**Data segment**:
·····
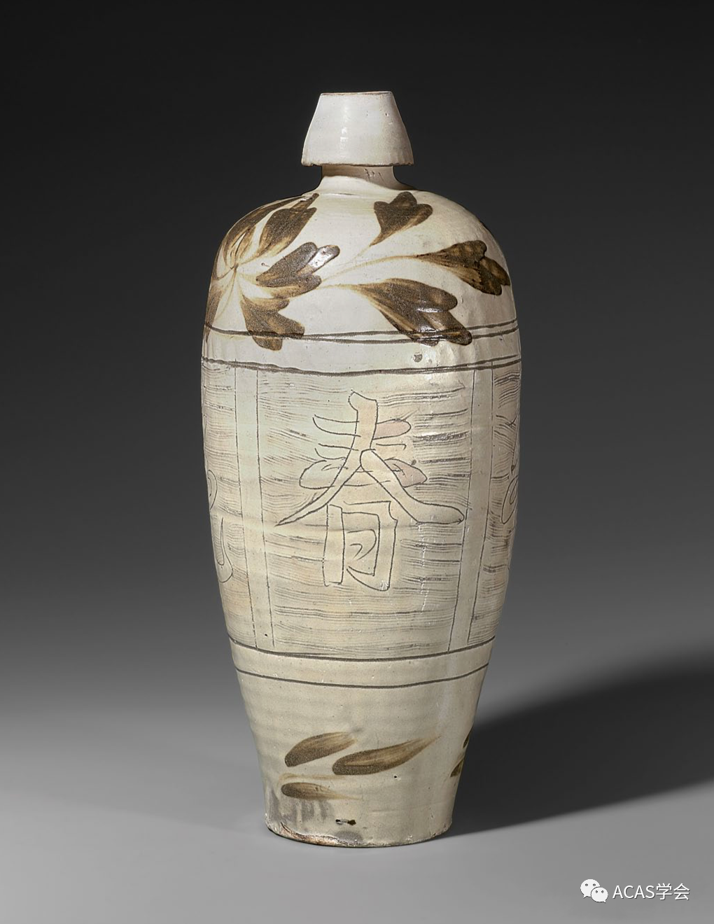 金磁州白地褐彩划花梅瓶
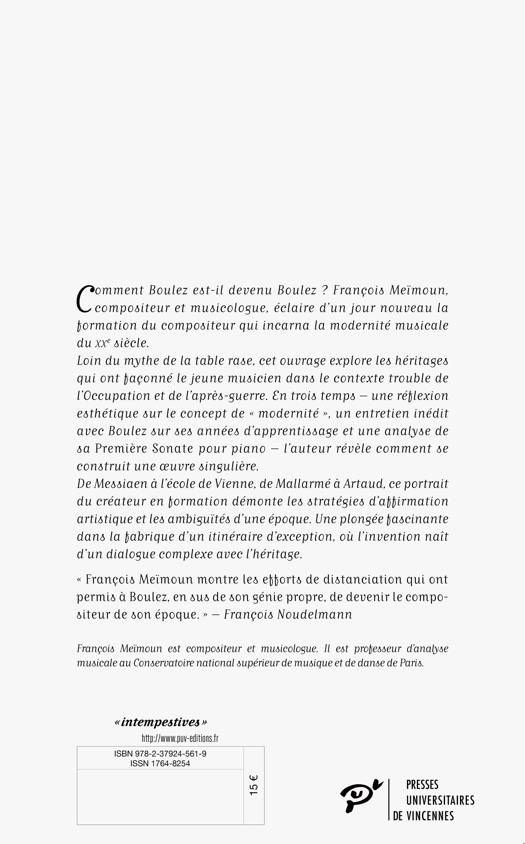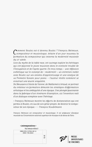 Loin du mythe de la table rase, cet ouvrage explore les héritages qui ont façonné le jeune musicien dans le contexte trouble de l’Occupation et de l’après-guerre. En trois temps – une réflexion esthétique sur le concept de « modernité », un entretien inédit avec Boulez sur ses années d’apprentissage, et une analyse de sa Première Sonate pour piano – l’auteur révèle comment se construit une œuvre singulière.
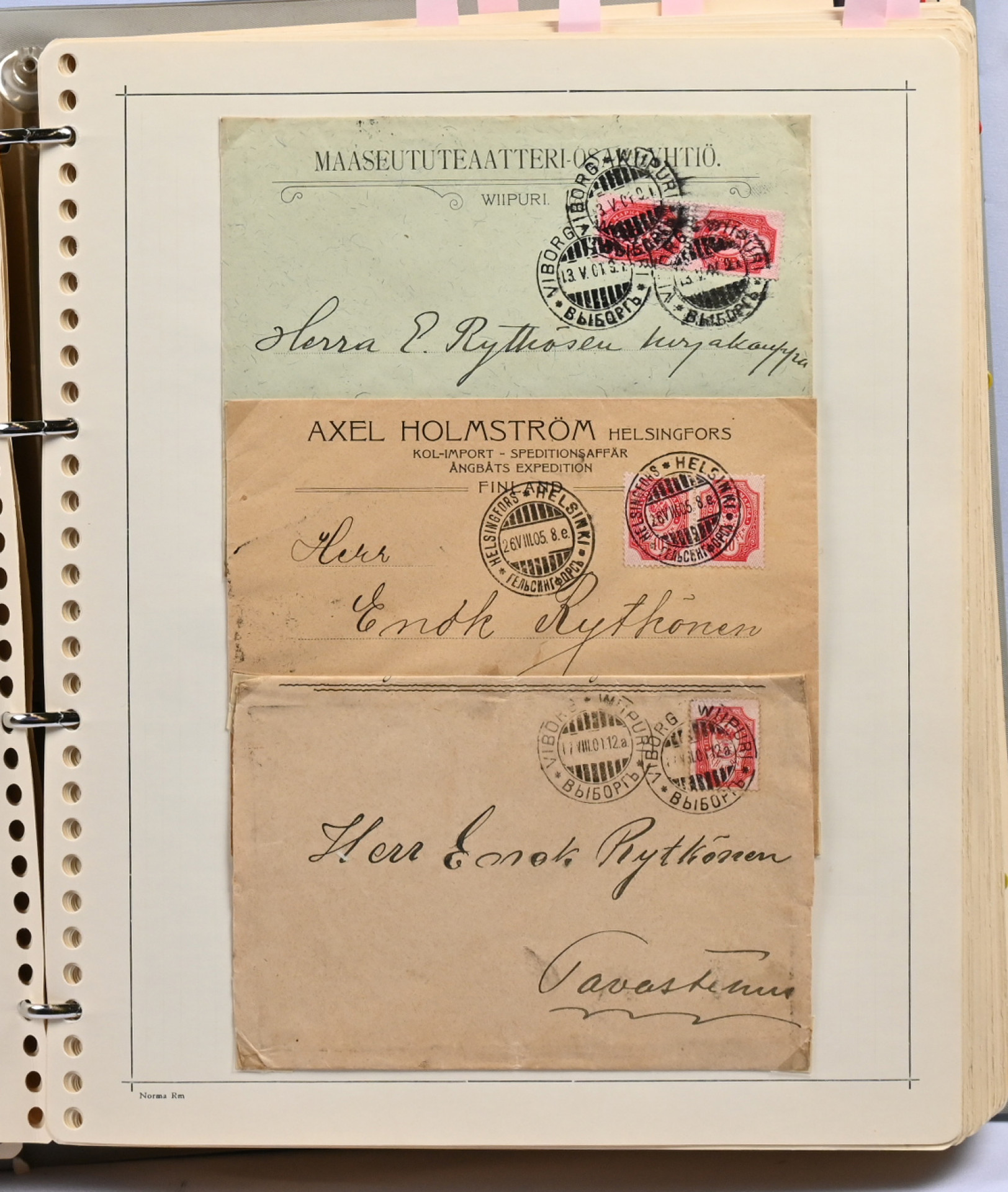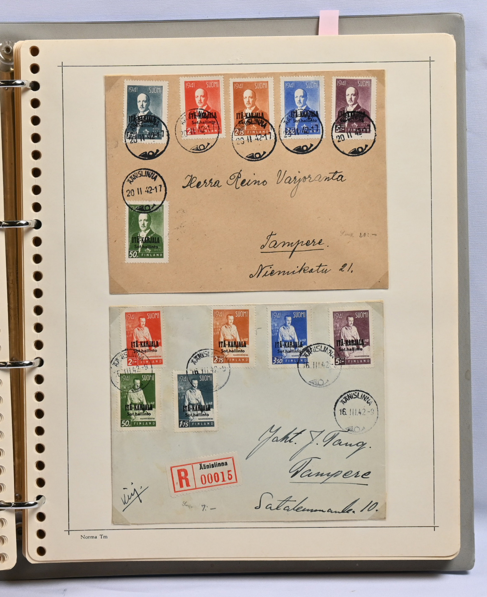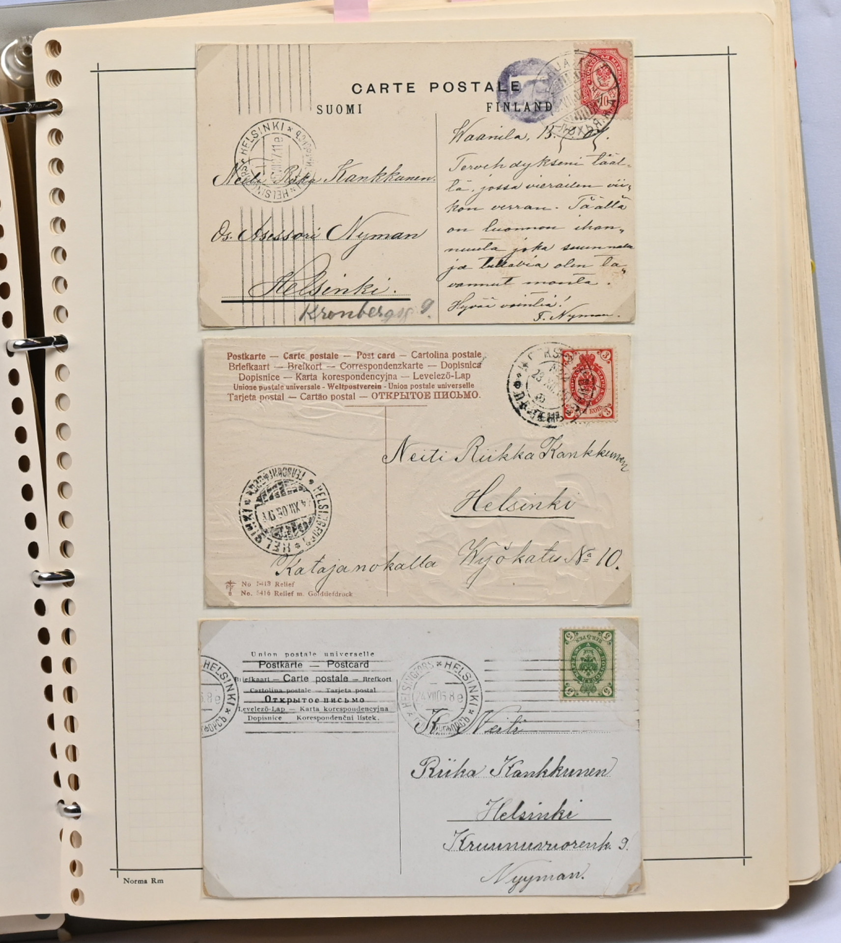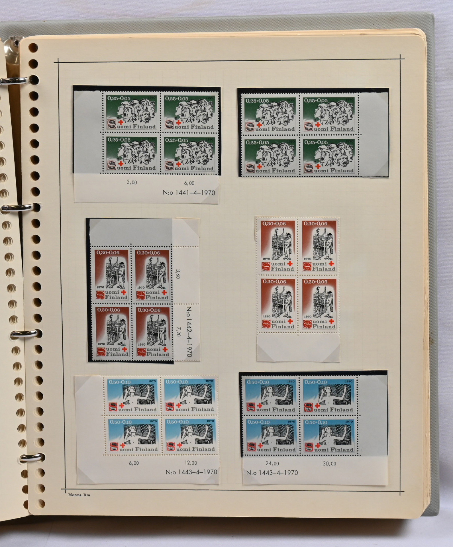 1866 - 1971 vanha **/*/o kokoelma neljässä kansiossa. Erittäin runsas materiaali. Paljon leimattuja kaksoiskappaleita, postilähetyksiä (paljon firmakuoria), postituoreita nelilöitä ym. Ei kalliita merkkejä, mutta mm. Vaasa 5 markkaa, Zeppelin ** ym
·····
**Task requirements**:
The answer must be the full listing retyped exactly, with no pictures in it.

**Task answer**:
 金磁州白地褐彩划花梅瓶
 Loin du mythe de la table rase, cet ouvrage explore les héritages qui ont façonné le jeune musicien dans le contexte trouble de l’Occupation et de l’après-guerre. En trois temps – une réflexion esthétique sur le concept de « modernité », un entretien inédit avec Boulez sur ses années d’apprentissage, et une analyse de sa Première Sonate pour piano – l’auteur révèle comment se construit une œuvre singulière.
 1866 - 1971 vanha **/*/o kokoelma neljässä kansiossa. Erittäin runsas materiaali. Paljon leimattuja kaksoiskappaleita, postilähetyksiä (paljon firmakuoria), postituoreita nelilöitä ym. Ei kalliita merkkejä, mutta mm. Vaasa 5 markkaa, Zeppelin ** ym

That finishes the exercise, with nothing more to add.